Emma is Northern, bookish, a bit gawky and very passionate about a number of worthy causes. She graduates with top results in English lit and drama, but is uncertain of her future prospects and feels dowdy and insecure. Dexter is a former public school boy from Oxford, handsome, confident, sometimes arrogant to the point of douchiness and graduated with a middling result in anthropology. He's not really passionate about anything but his own enjoyment and maybe women, and quite ready for the wonderful things the world is sure to offer him after graduation, they'll certainly involve fame and fortune.
The couple have clearly run in the same circles at University but hook up for the first time at a party on the eve of their graduation. Emma has clearly fancied Dexter for some time, he's only really noticed her at the party. The book follows their lives for the next twenty years, during which they develop a close friendship, sometimes spending the day together, sometimes far apart. They both change a lot, get a series of jobs (some satisfying and rewarding, some decidedly not so) and various partners. At times, they are best friends, at others they are not on speaking terms. There's a fair bit of sexual tension between them, and even in periods where they're just good friends, it's clear that everyone around them always saw them as a successful romantic coupling just waiting to happen.
Due to the episodic structure of the book, I kept wanting to read just one more chapter, even when at times, I didn't really like Dexter much or care what was going on in his life.
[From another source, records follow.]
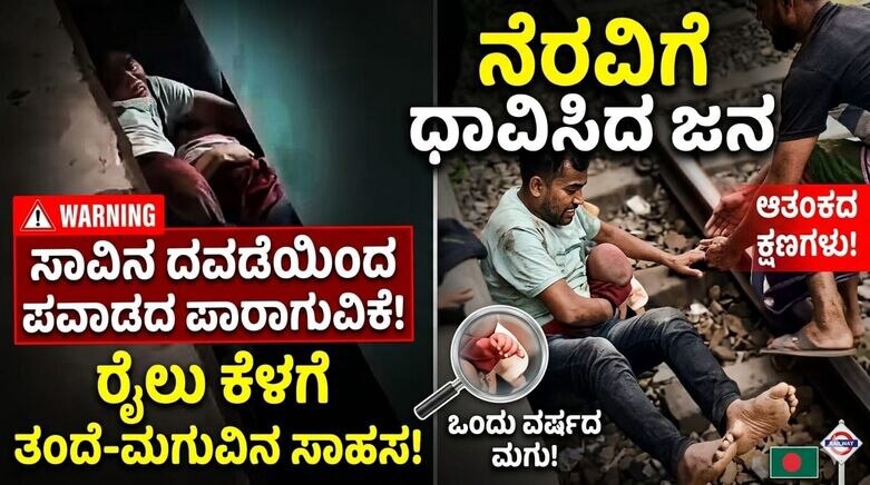 ಬಾಂಗ್ಲಾದೇಶದ ಕಿಶೋರ್ಗಂಜ್ ಜಿಲ್ಲೆಯ ಭೈರಬ್ ರೈಲು ನಿಲ್ದಾಣದಲ್ಲಿ ನಡೆದ ಹೃದಯ ಕಲುಕುವ ಘಟನೆ ಒಂದು ಸಾಮಾಜಿಕ ಜಾಲತಾಣಗಳಲ್ಲಿ ಭಾರೀ ಚರ್ಚೆಗೆ ಗ್ರಾಸವಾಗಿದೆ. ಚಲಿಸುತ್ತಿದ್ದ ರೈಲಿಗೆ ಹತ್ತಲು ಪ್ರಯತ್ನಿಸಿದ ವೇಳೆ ತಂದೆ ಮತ್ತು ಅವರ ಒಂದು ವರ್ಷದ ಮಗು ಪ್ಲಾಟ್ಫಾರ್ಮ್ ಮತ್ತು ರೈಲು ಹಳಿ ನಡುವಿನ ಅಂತರಕ್ಕೆ ಬಿದ್ದು, ಜೀವಪಾಯದ ಪರಿಸ್ಥಿತಿಯನ್ನು ಎದುರಿಸಿದರು.
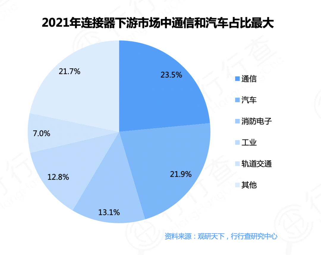 連接器下游行業(yè)競(jìng)爭(zhēng)格局穩(wěn)定且多為傳統(tǒng)行業(yè),主要包括通信、汽車、消費(fèi)電子和工業(yè)控制等。
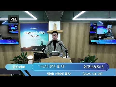 2025. 03. 07. 하얀교회 금요기도회 설교 설교제목: "고난이 찾아 올 때" 설교본문: 야고보서05:13 설교자: 신영재 담임목사
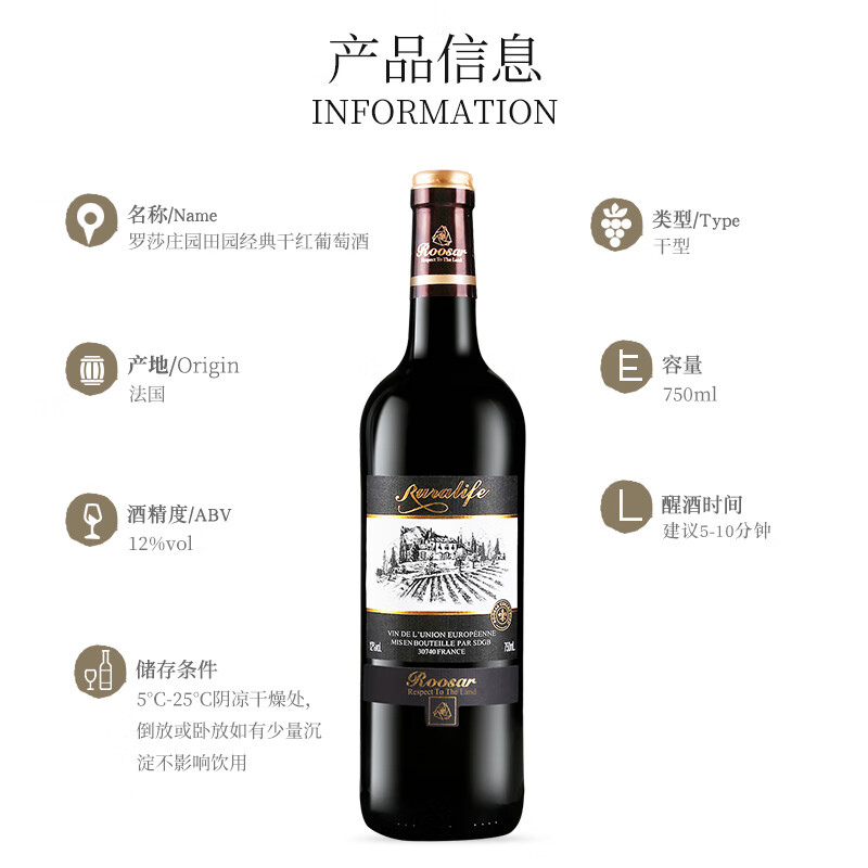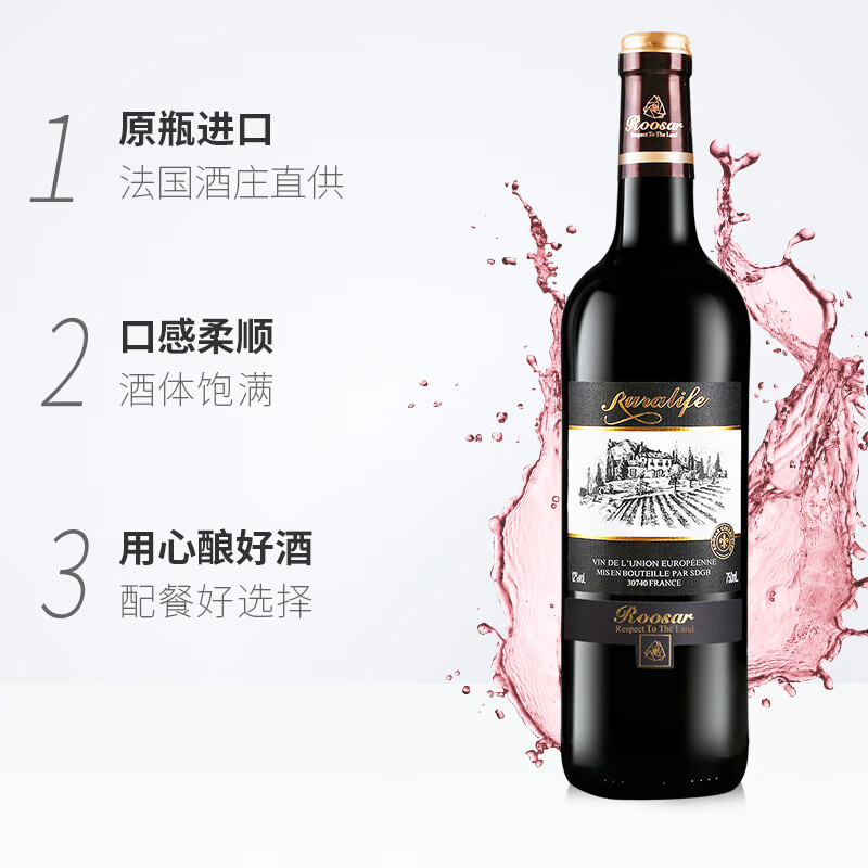 罗莎庄园干红葡萄酒 750ml*6瓶 法国原瓶原装进口红酒整箱价格:129.00元!

Dexter is a bit too full of himself, and while he's clearly supposed to be the sort of charming rogue you love to hate, but are mostly charmed by, in parts of the book he just seemed smug and spoiled and annoying. Emma's a great character, though, and not just because she's a smart and caring woman with confidence issues who just doesn't realize that she could be really very pretty if she wasn't so sure everyone was lying about her looks. I sometimes felt that she cut Dexter a lot more slack than she should have, and possibly told him more often that he needed to get over himself.
The book is in some ways like a literary version of When Harry Met Sally, the film is even referenced at one point in the book. It's just that in this, Emma is vastly more likable than Dexter (who in many ways reminded me a bit too much of a couple of guys I went to Uni with, and who clearly expected the world to fall in their lap because they were handsome and charming, but didn't really want to work very hard at anything), and it's sometimes a bit difficult to see why she'd put up with him for twenty years. He does have personal growth, but it takes a very long time, and even after he became a proper grown-up, I found the end of the book unsatisfying and am not entirely sure Nicholls had to choose the route he did to complete Dexter's transition into a decent human being. Still, it was a quick read, I enjoyed bits of it a lot, and since I didn't invest too much in it, I probably won't care as much if the upcoming film adaptation changes bits or gets them wrong.